◆ What is expected: From the material below, copy exactly the lines beginning with the one that contains "2016年上半年,印度暢銷(xiāo)品" and ending with the one that contains "This paper introduces"; the pictures stay out.
BEGIN Extracted records
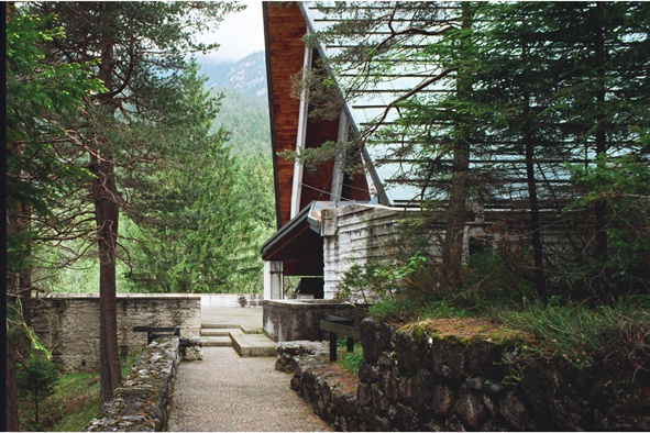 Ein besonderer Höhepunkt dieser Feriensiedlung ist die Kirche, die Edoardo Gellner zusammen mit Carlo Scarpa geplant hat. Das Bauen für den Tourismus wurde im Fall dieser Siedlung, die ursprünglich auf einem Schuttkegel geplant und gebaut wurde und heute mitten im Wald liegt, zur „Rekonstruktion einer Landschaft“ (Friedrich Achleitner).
END Extracted records
BEGIN Extracted records
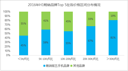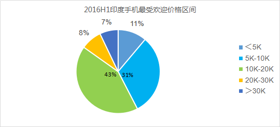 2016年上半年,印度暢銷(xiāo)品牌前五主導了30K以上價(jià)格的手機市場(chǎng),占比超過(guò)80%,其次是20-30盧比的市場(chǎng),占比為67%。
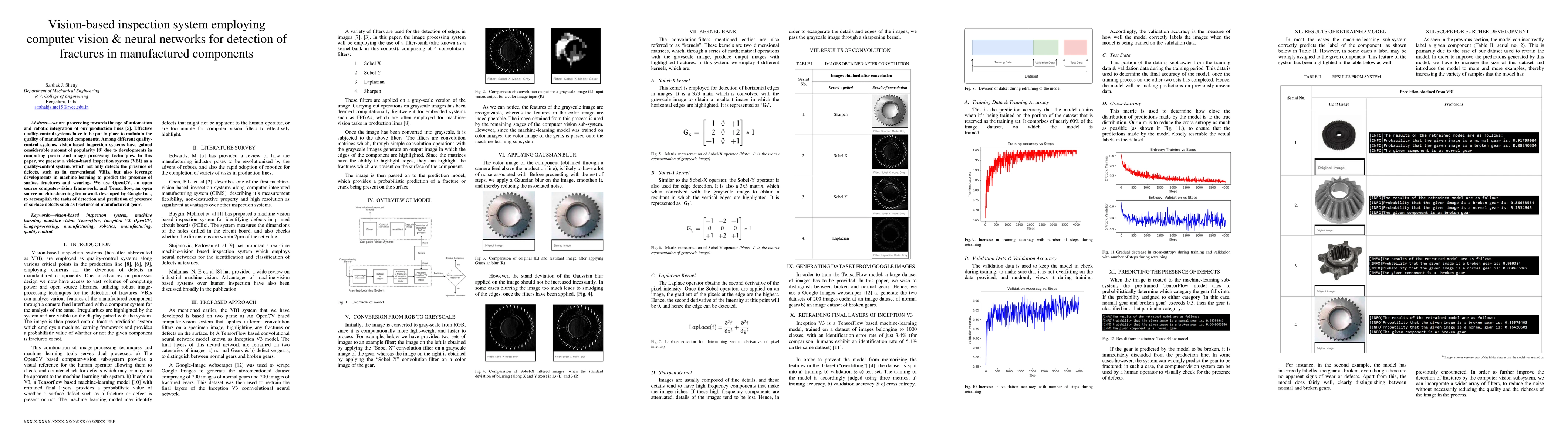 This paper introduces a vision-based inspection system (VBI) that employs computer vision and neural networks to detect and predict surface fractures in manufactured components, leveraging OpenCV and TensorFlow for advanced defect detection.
END Extracted records
◆ Answer section:
 2016年上半年,印度暢銷(xiāo)品牌前五主導了30K以上價(jià)格的手機市場(chǎng),占比超過(guò)80%,其次是20-30盧比的市場(chǎng),占比為67%。
 This paper introduces a vision-based inspection system (VBI) that employs computer vision and neural networks to detect and predict surface fractures in manufactured components, leveraging OpenCV and TensorFlow for advanced defect detection.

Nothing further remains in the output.